*** Data segment Section Begins ***
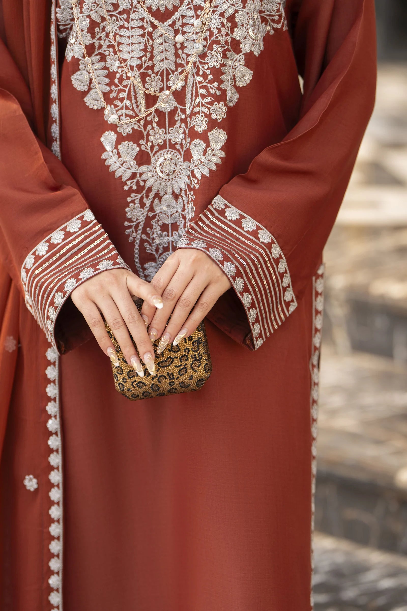 Rich, elegant, and designed to stand out, this rust-toned ensemble from the Reshmi by Aleezay collection is a perfect blend of tradition and modern sophistication. Crafted in premium raw silk, this 3-piece outfit is ideal for festive occasions, evening gatherings, and statement daywear.
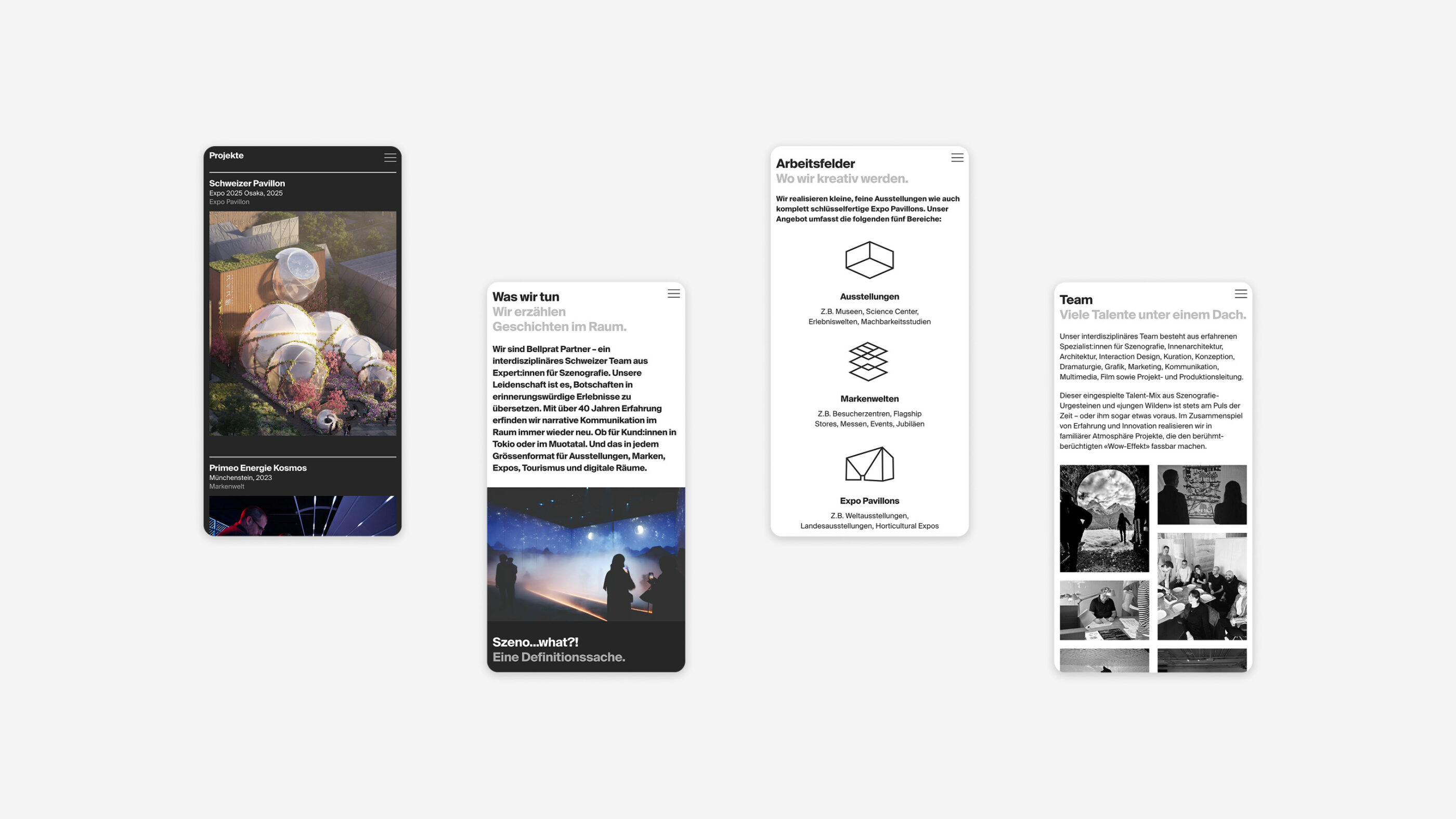 Für Bellprat Partner – ein interdisziplinäres Büro für Szenografie – durften wir das von ihnen gestaltete Visual Screendesign digital umsetzen und programmieren. In einem gemeinsamen Prozess entstand eine klare, modulare Website, die die kreative Vision emotional treu und technisch präzise übersetzt. Die neue Plattform bringt die Erlebniswelten von Bellprat Partner auch digital zum Strahlen – weltweit, seit 1981.
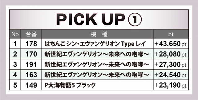 2024年1月中旬時点で同店のメインを張っているのは『P大海物語5 ブラック』『新世紀エヴァンゲリオン~未来への咆哮~』『P大海物語4スペシャル』『P大海物語5』『ぱちんこ シン・エヴァンゲリオン Type レイ』の5機種となる。
*** Data segment Section Ends ***
### What to produce
Could the listing above be printed again in full, with every picture omitted?

### Task answer
 Rich, elegant, and designed to stand out, this rust-toned ensemble from the Reshmi by Aleezay collection is a perfect blend of tradition and modern sophistication. Crafted in premium raw silk, this 3-piece outfit is ideal for festive occasions, evening gatherings, and statement daywear.
 Für Bellprat Partner – ein interdisziplinäres Büro für Szenografie – durften wir das von ihnen gestaltete Visual Screendesign digital umsetzen und programmieren. In einem gemeinsamen Prozess entstand eine klare, modulare Website, die die kreative Vision emotional treu und technisch präzise übersetzt. Die neue Plattform bringt die Erlebniswelten von Bellprat Partner auch digital zum Strahlen – weltweit, seit 1981.
 2024年1月中旬時点で同店のメインを張っているのは『P大海物語5 ブラック』『新世紀エヴァンゲリオン~未来への咆哮~』『P大海物語4スペシャル』『P大海物語5』『ぱちんこ シン・エヴァンゲリオン Type レイ』の5機種となる。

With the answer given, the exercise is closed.